2026 may mean an extra biweekly pay period. Here’s how HR can prepare.
Summary
Some employers that run biweekly payroll will face a 27th pay day in 2026 — a quirk that occurs roughly every 11–12 years because 26 biweekly pay periods cover 364 days, leaving an extra day (or two in a leap year). HR teams should plan ahead: decide a pay approach, confirm compliance with FLSA and local laws, adjust budgets for the roughly 4% payroll impact, and communicate any changes and deduction rules to employees well in advance.
The article outlines three common payroll approaches (divide salary by days in year and pay by 14-day cycle; keep existing biweekly amount and budget for a 27th payout; or divide salary by 27), details legal and benefits-deduction caveats, and stresses the need for clear employee notice and budget adjustments.
Key Points
- 27th biweekly pay days happen about every 11–12 years because 26 periods cover 364 days, not 365 (or 366 in a leap year).
- Three main employer options: prorate by calendar days and pay 14-day amounts; keep the regular biweekly amount and pay an extra check at year end; or divide annual salary by 27 (which lowers each check).
- Division-by-27 or prorating can reduce each biweekly pay and risk falling below FLSA or state thresholds that preserve exempt salary status — check wage-and-hour rules before changing pay calculations.
- Issuing a 27th check can increase annual payroll costs by roughly 4% per employee — budget and update accounting now.
- Benefits deductions need handling (for example, whether to deduct contributions across 26 or 27 checks) to avoid overcharging or undercharging employees.
- State laws vary on notice requirements for pay changes — providing at least one pay period’s notice is commonly sufficient, but check local rules (some states require 30 days).
- If incentive or bonus plans already promise specific payments, employers must honour those commitments despite the extra pay period unless changes are made prospectively and lawfully.
Why should I read this?
Short and practical: if you run biweekly payroll, this is one of those predictable headaches you can avoid by acting now.

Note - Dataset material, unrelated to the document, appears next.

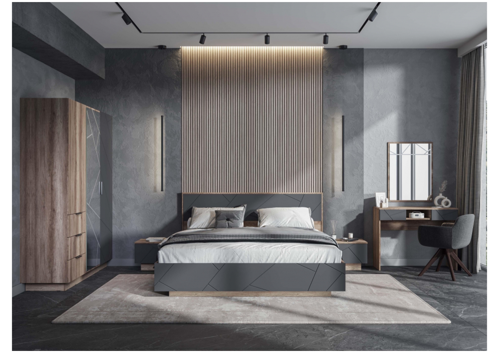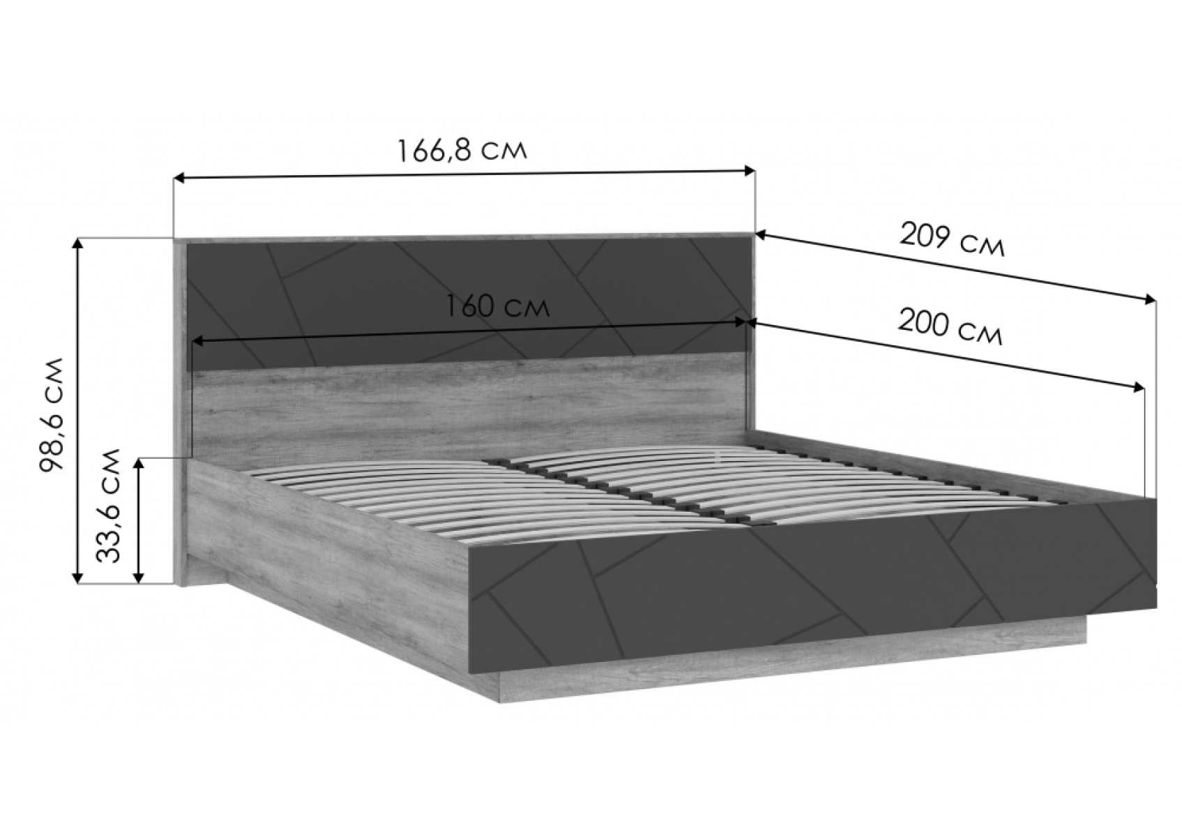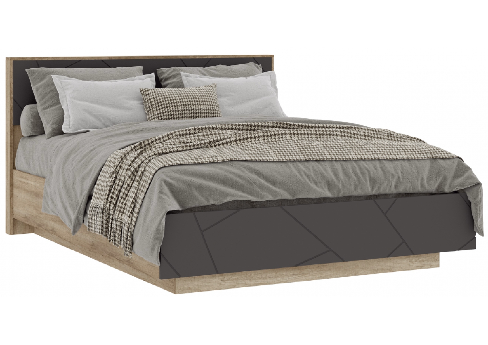 Двуспальная кровать Диамо КР 01 160х200 софт графит / дуб каньон

The article gives the simple choices, the legal landmines (hello FLSA thresholds), and the communication and benefits fixes you need — so you won’t be caught off guard (or scrambling your budget) in 2026.
Author note
Punchy takeaway: this isn’t theoretical — it’s a routine calendar issue that has real cashflow and compliance impacts. If you’re responsible for payroll, compensation or HR ops, read the detail and pick a plan. Planning now saves messy retroactive fixes later.